Остановлюсь на этом маленьком, сравнительно, деле поподробнее, так как оно
характерно для проведения «левой политики правыми руками».
Я собрал в Севастополе и из других городов
Крыма кадры лекторов и образовал из них группы для отправки в прифронтовые
и другие районы. С ними вырабатывалась программа лекций и общая для
них инструкция. Предварительно перед посылкой на места лекторы выступали
на собраниях в Севастополе, на которые приглашался и
Тверской. Выступления эти были признаны удачными. Целью
деятельности таких групп было ознакомление прифронтового населения и тыла
с лозунгами армии, с платформой Врангеля, чтоб выяснить,
с чем мы идем в Россию.
После нескольких выступлений лекторов в
прифронтовой части они вернулись в Севастополь, так как заведующий гражданской
частью в Северной Таврии (Мелитополь) граф Гендриков,
непосредственный помощник Тверского, запретил лекции.
Тут обнаружилась несамостоятельность Тверского. Он, его
ведомство организует дело, а его помощник отменяет. Правда,
этот помощник был товарищем Врангеля и личным его ставленником,
и... Тверской пасует. Иду к Кривошеину, и он советует мне переговорить
лично с Врангелем. Какой я ни был противник загромождения
главнокомандующего гражданскими, да еще такими мелкими делами,
пришлось обратиться к нему. Он мне сказал, что, действительно, прифронтовую часть надо оставить, так как армия должна быть «вне
политики» (!). Я кратко возражал, но
не стал переубеждать. Приемная была полна
народу. Я имел перед собой молодого генерала, вступившего на войну эскадронным командиром, и нельзя
было требовать, чтобы он разбирался в
вопросах политической тактики. Мне
было жаль, что ему приходится отвлекаться от фронта этими несвойственными ему делами.
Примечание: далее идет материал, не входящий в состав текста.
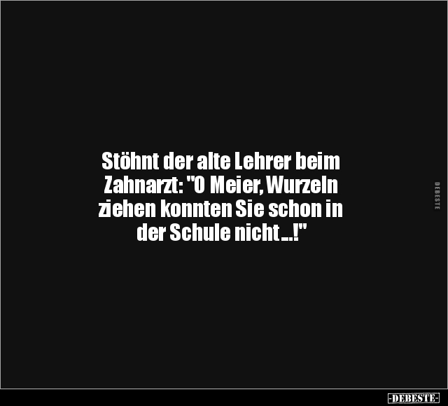 Stöhnt der alte Lehrer beim Zahnarzt: "O Meier, Wurzeln ziehen konnten Sie schon in der Schule nicht...!"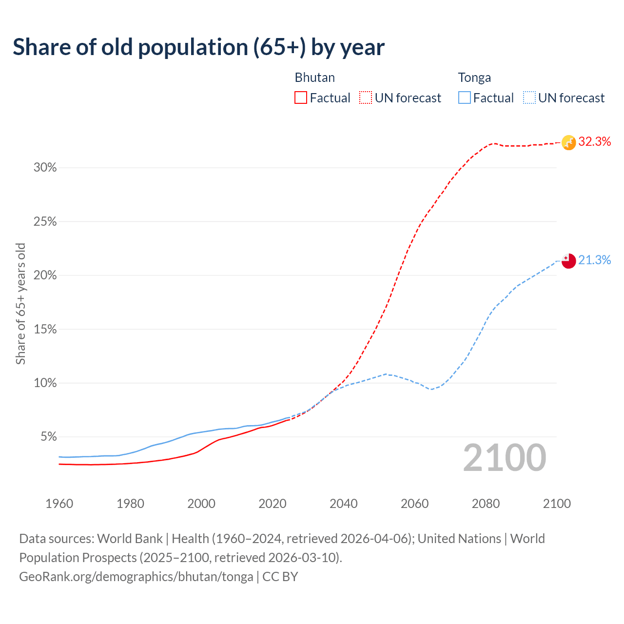 - The share of old-age demographic (65+) in Bhutan is 6.49% vs 6.72% in Tonga.

Впоследствии он политически очень
эволюционировал. В Константинополе и в Белграде мне приходилось
уже на свободе и подолгу с ним говорить и спорить. Он уже стал
значительно лучше разбираться в политических вопросах и сам на каком-то
собрании определенно сказал, что в гражданской войне армия не может
быть вне политики. А в Севастополе он совершенно еще не разбирался
в политических терминах, не отличал понятия «политика» от
политиканства и партийности.
Как же действительно можно воевать, вести
междоусобную брань против большевиков, то есть против большевистской
фракции С.-д. партии, не объяснив борющимся и населению суть большевизма и что ему
противопоставляется? Когда он меня привлекал к
этому делу, он как будто это понимал, а потом, очевидно,
«правые руки» его сбили.
И по существу являлся абсурд. На фронте, да и
в тылу велась усиленная большевистская пропаганда. Кроме того,
на фронте же велась беспрепятственно со стороны тех же властей
монархическая агитация священником Востоковым и др. А между этими действительно
партийными течениями и политиканством не было места для
пропаганды политики Врангеля, большой национальной внепартийной
политики.
Затрачены миллионы (правда,
тогдашние миллионы) казенных денег на организованное «министром»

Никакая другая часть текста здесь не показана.